» **What the task requires**
From the line that contains "This pair of" through the end of the records below, write out each line exactly as it appears, but not the pictures.

» **Source data**
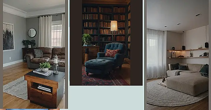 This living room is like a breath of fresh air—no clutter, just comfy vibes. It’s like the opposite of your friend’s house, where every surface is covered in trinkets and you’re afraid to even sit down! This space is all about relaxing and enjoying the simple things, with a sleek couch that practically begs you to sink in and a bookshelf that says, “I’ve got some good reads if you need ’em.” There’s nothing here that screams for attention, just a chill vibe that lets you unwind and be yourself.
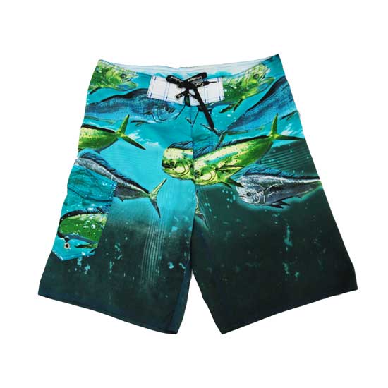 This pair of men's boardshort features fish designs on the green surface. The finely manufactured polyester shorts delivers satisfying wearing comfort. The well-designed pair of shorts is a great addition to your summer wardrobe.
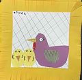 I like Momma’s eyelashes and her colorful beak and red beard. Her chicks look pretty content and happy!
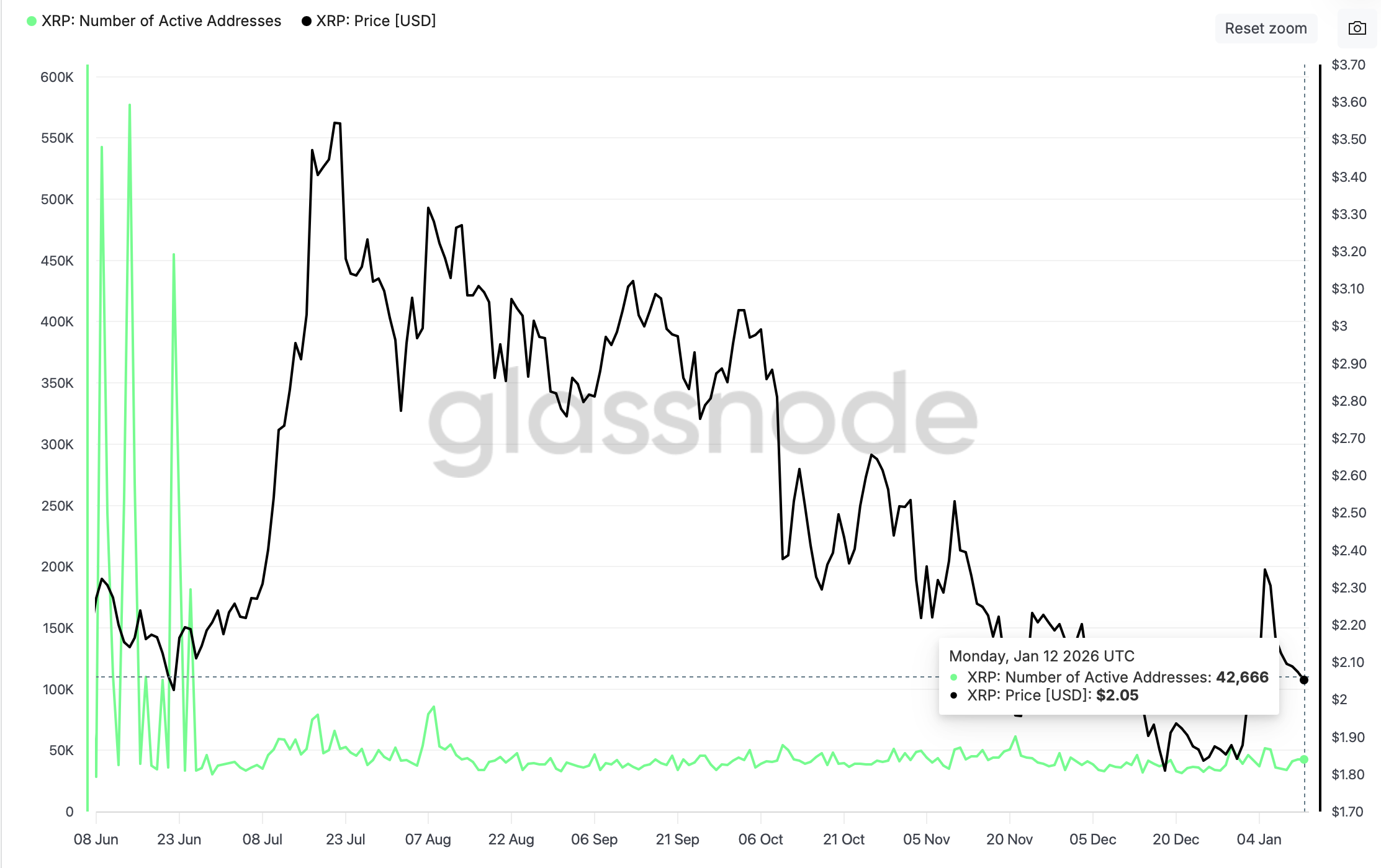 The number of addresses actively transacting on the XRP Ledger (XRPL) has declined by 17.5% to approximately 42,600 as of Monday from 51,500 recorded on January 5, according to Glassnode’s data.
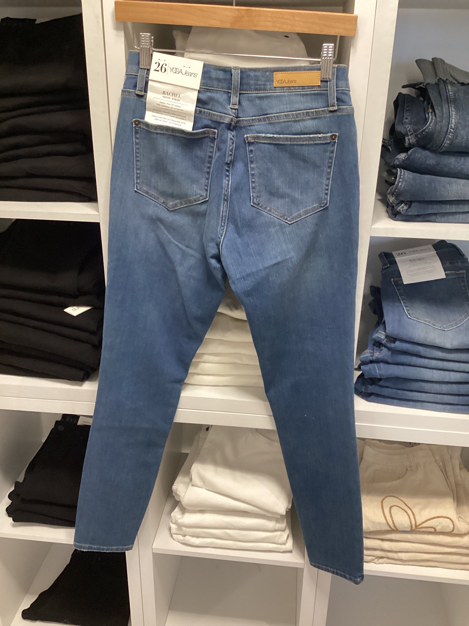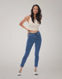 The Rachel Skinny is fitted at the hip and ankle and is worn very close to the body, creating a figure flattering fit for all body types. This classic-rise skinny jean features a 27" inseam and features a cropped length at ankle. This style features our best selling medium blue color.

» **Finished task**
 This pair of men's boardshort features fish designs on the green surface. The finely manufactured polyester shorts delivers satisfying wearing comfort. The well-designed pair of shorts is a great addition to your summer wardrobe.
 I like Momma’s eyelashes and her colorful beak and red beard. Her chicks look pretty content and happy!
 The number of addresses actively transacting on the XRP Ledger (XRPL) has declined by 17.5% to approximately 42,600 as of Monday from 51,500 recorded on January 5, according to Glassnode’s data.
 The Rachel Skinny is fitted at the hip and ankle and is worn very close to the body, creating a figure flattering fit for all body types. This classic-rise skinny jean features a 27" inseam and features a cropped length at ankle. This style features our best selling medium blue color.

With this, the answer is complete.